Atomic, Molecular & Optical (AMO) Physics
Atomic, Molecular, and Optical (AMO) Physics is the study of matter-matter and light-matter interactions at the atomic and molecular level, typically dealing with one or a few atoms/molecules. It focuses on understanding the structure of atoms, molecules, and their interactions with electromagnetic fields.
This branch is quite broad, and research directions can vary significantly, though they all involve light–matter interactions. In general, AMO research often requires a combination of experimental and theoretical skills.

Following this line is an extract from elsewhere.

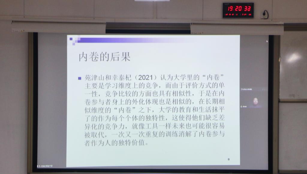 直播课上,费俊峰博士首先用“边骑车边敲代码”的图片及“清华王”等网络热传新闻导入话题,为我们阐释了内卷在教育领域的延伸概念。接着,他就内卷的具体表现、成因、影响为我们深度剖析了内卷的内涵性质。不仅如此,他向同学们表明——“不要输在起跑线上”、“我在培养你孩子的竞争对手”诸如此类的市场营销反映的是中国当下教育严重内卷化的社会大环境,在现实的压力下,内卷已经成为了大学生精神状态亚健康化的重要影响因素。

A typical project may involve aspects such as optical setup and laser alignment, electronics and mechanical instrumentation, data analysis and simulations, as well as a theoretical understanding of the underlying physical processes.
Some subfields in AMO includes:
Quantum Optics & Quantum Information
- Focuses on the interaction of light with quantum systems, including topics like entanglement, cavity QED, and quantum computing.
Ultrafast & Nonlinear Optics
- Studies light–matter interactions on femtosecond timescales and at high field strengths, using techniques such as MOKE, SHG, THz spectroscopy, and tr-ARPES. The goal is to track and control how electronic, lattice, and spin degrees of freedom evolve in real time, often to understand or induce phenomena such as phase transitions, coherent excitations, and non-equilibrium states that are not accessible in equilibrium.
Atomic & Molecular Spectroscopy
- Uses light to probe energy levels and structure of atoms and molecules, often for precision measurement or chemical identification.
Laser Physics & Photonics
- Covers laser systems, optical materials, waveguides, and device-level applications. Related courses are often offered in the ECE department.